*** INPUT RECORDS

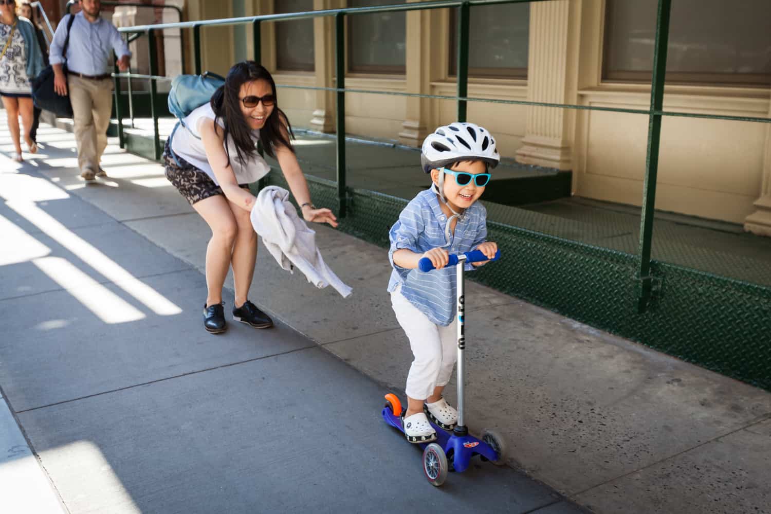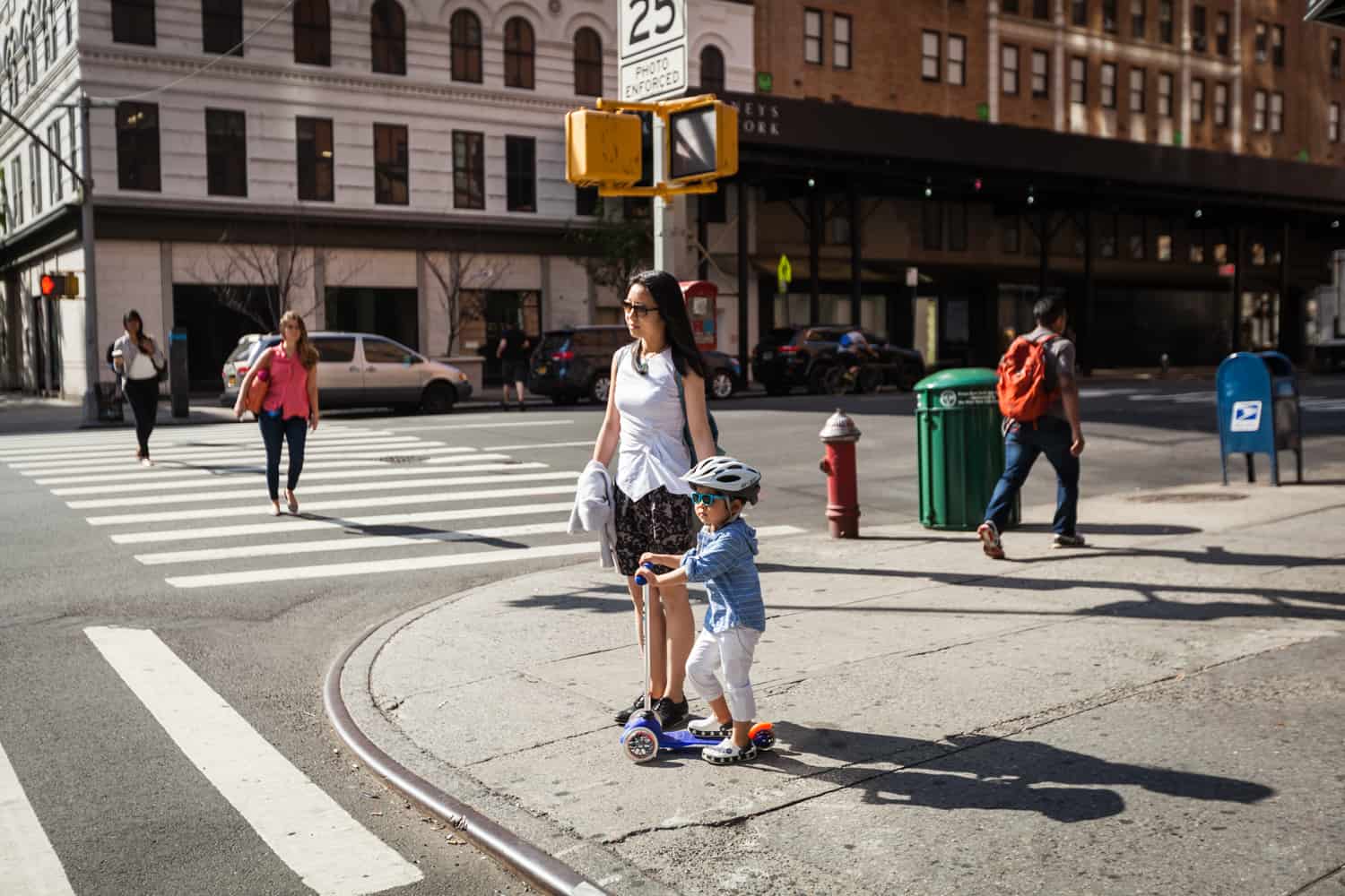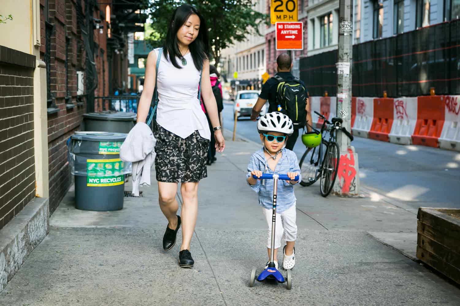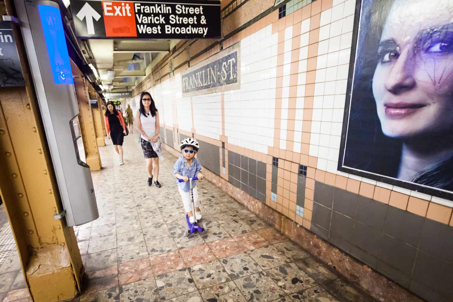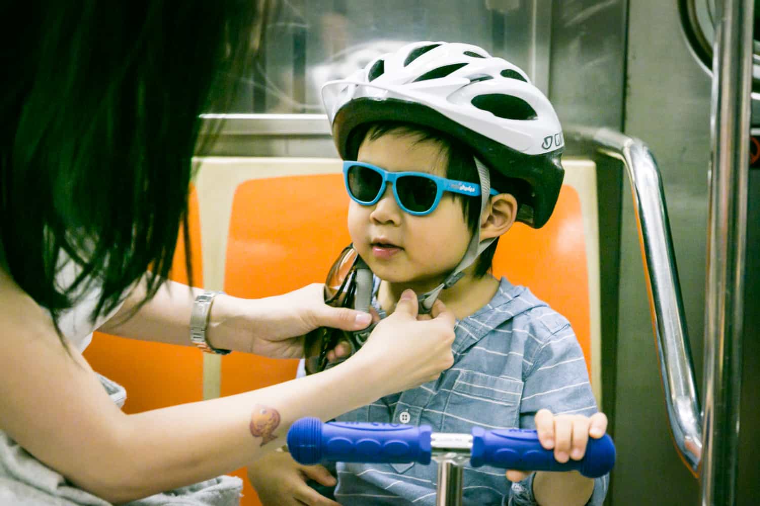 After getting ready herself, we headed out the door to Sara’s workplace. Rather than walk, Luca’s preferred mode of transportation is his trusty scooter. Helmet on, Luca led his mother and I onto the 1 train as we traveled down to Tribeca. The other subway riders luckily found us to be an amusing sight and not too much of an annoyance.
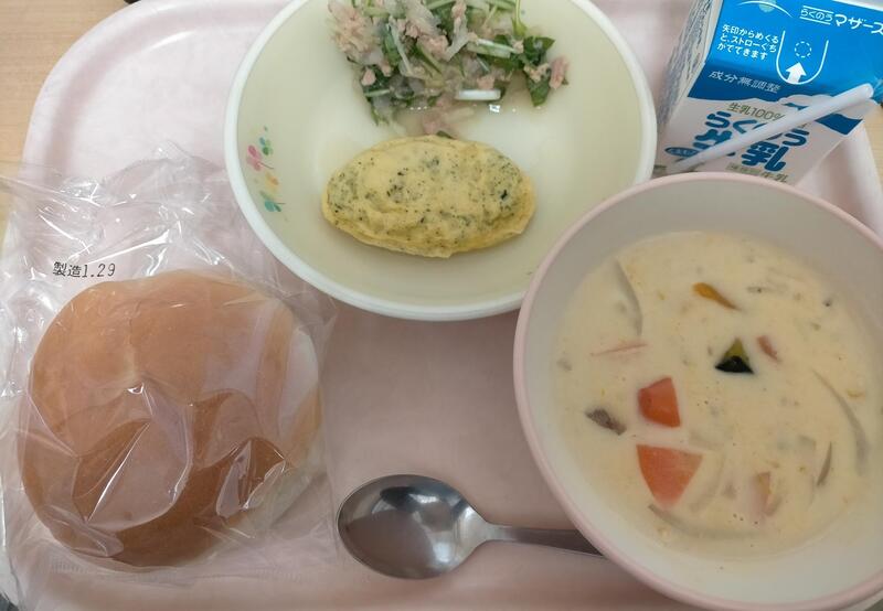 今日の献立は、まるパン、牛乳、かぼちゃのクリーム煮、ほうれんそうオムレツ、水菜のサラダ です。
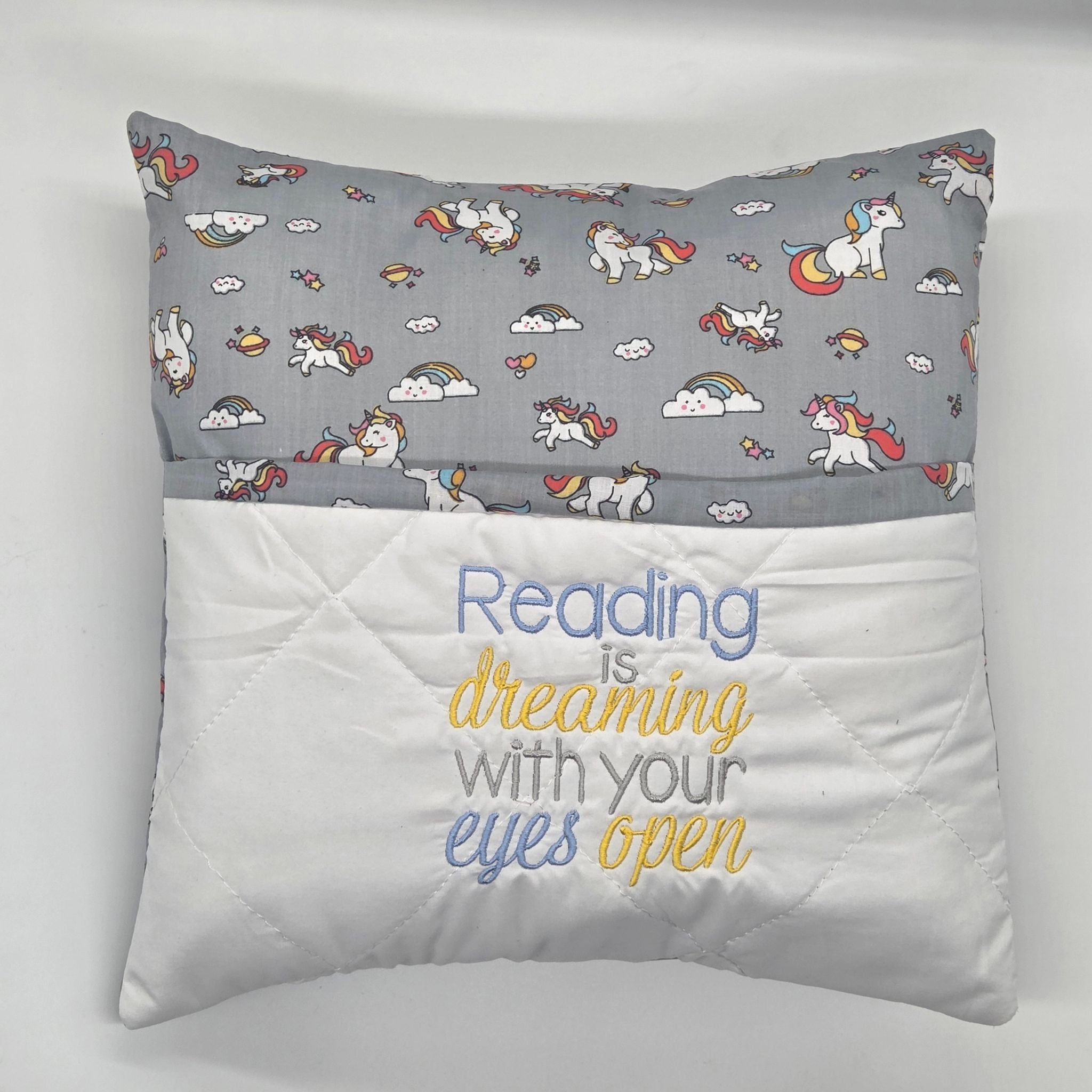 This particular book cushion features a white, quilted book pocket onto which has been embroidered the words "reading is dreaming with your eyes open".
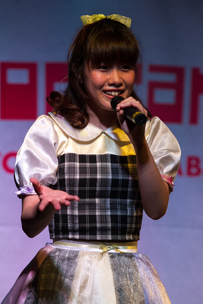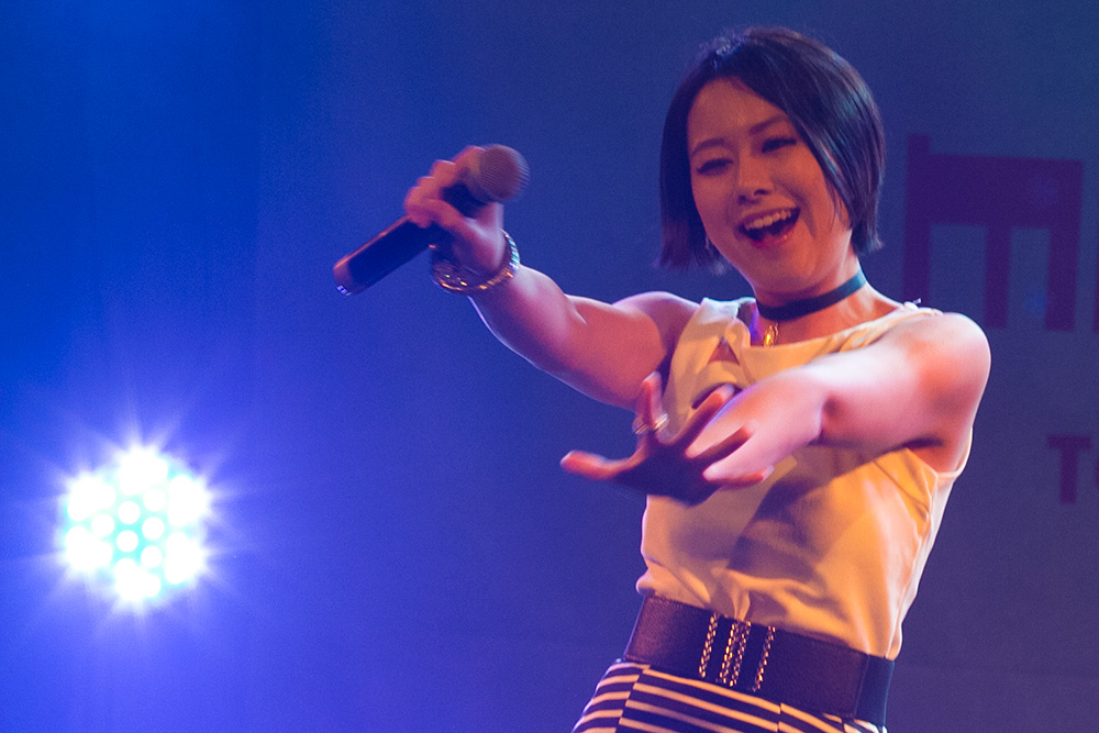 グループが多いなかで、ソロでの登場。MCとのトークでは、イベント出演依頼が多数きている話などが聞けました。ライブでは、大人しそうな外見とはことなり、アグレッシブな感じのステージでした。
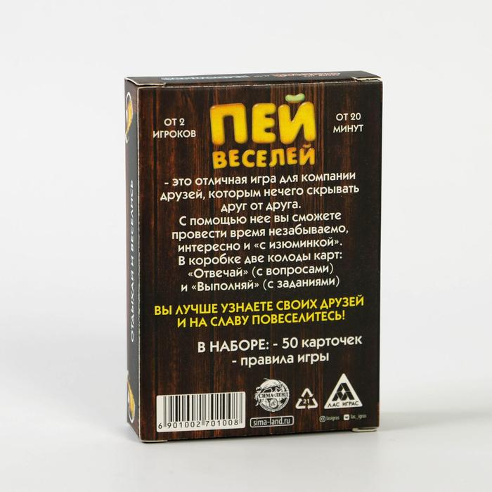 Купить игра для компании "пей веселей" 50 карт от 180 руб. с доставкой до пункта выдачи в Кадникове. Интернет магазин ДекаМаркет. Оплата при получении.
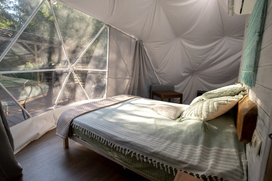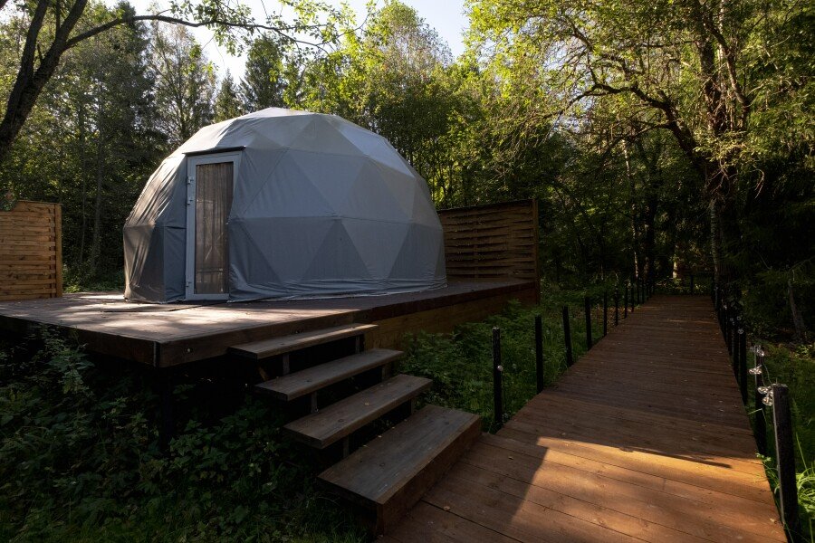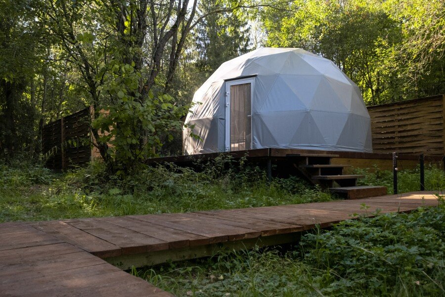 Глэмпинг «В кронах» — это роскошный отдых на природе в Подмосковье, гарантирующий уединение и спокойствие.
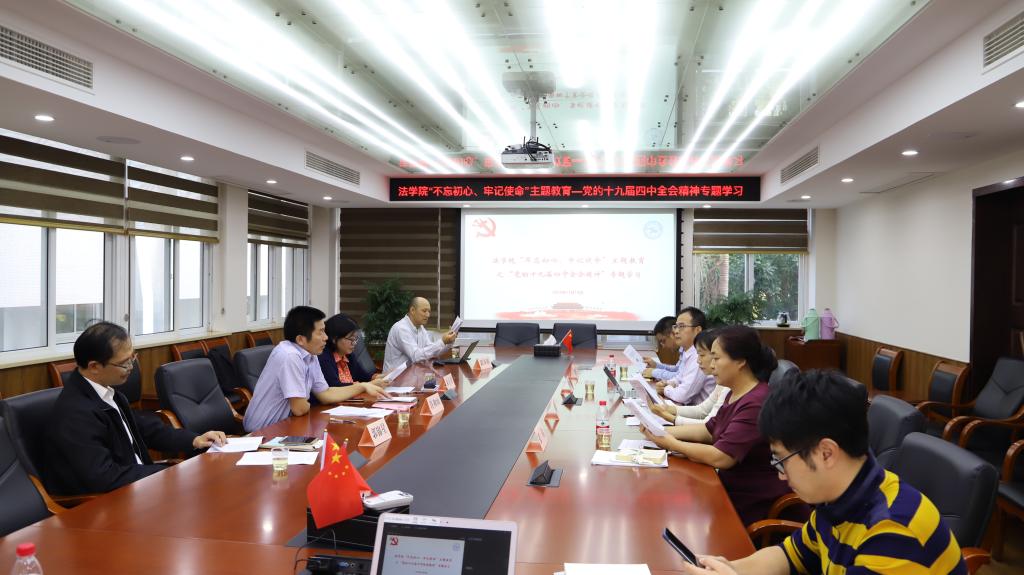 11月14日下午,法学院党委在B220会议室组织召开了“党的十九届四中全会精神”专题学习会议,法学院党政领导班子全体成员出席了本次会议。
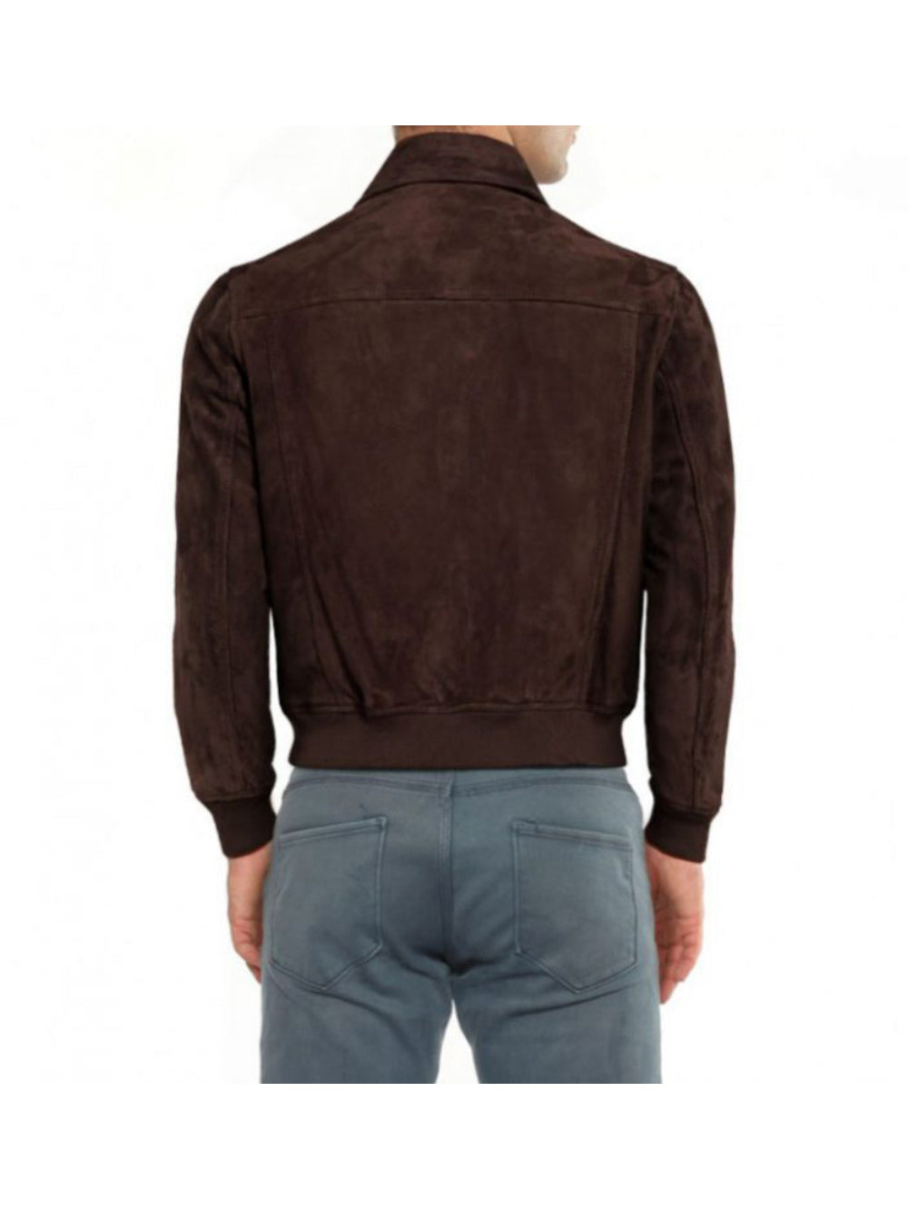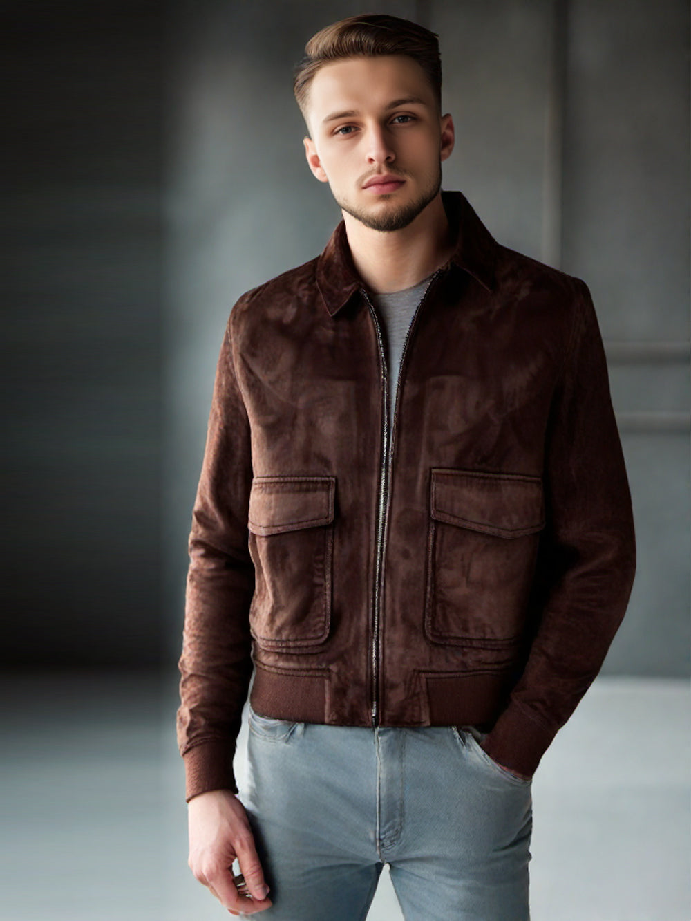 Bomber en cuir suédé marron avec poches plaquées pour homme

******

■ **EXERCISE DETAILS**: Every line of the data above is to be set down exactly; the pictures are not.

■ **EXERCISE RESULT**:
 After getting ready herself, we headed out the door to Sara’s workplace. Rather than walk, Luca’s preferred mode of transportation is his trusty scooter. Helmet on, Luca led his mother and I onto the 1 train as we traveled down to Tribeca. The other subway riders luckily found us to be an amusing sight and not too much of an annoyance.
 今日の献立は、まるパン、牛乳、かぼちゃのクリーム煮、ほうれんそうオムレツ、水菜のサラダ です。
 This particular book cushion features a white, quilted book pocket onto which has been embroidered the words "reading is dreaming with your eyes open".
 グループが多いなかで、ソロでの登場。MCとのトークでは、イベント出演依頼が多数きている話などが聞けました。ライブでは、大人しそうな外見とはことなり、アグレッシブな感じのステージでした。
 Купить игра для компании "пей веселей" 50 карт от 180 руб. с доставкой до пункта выдачи в Кадникове. Интернет магазин ДекаМаркет. Оплата при получении.
 Глэмпинг «В кронах» — это роскошный отдых на природе в Подмосковье, гарантирующий уединение и спокойствие.
 11月14日下午,法学院党委在B220会议室组织召开了“党的十九届四中全会精神”专题学习会议,法学院党政领导班子全体成员出席了本次会议。
 Bomber en cuir suédé marron avec poches plaquées pour homme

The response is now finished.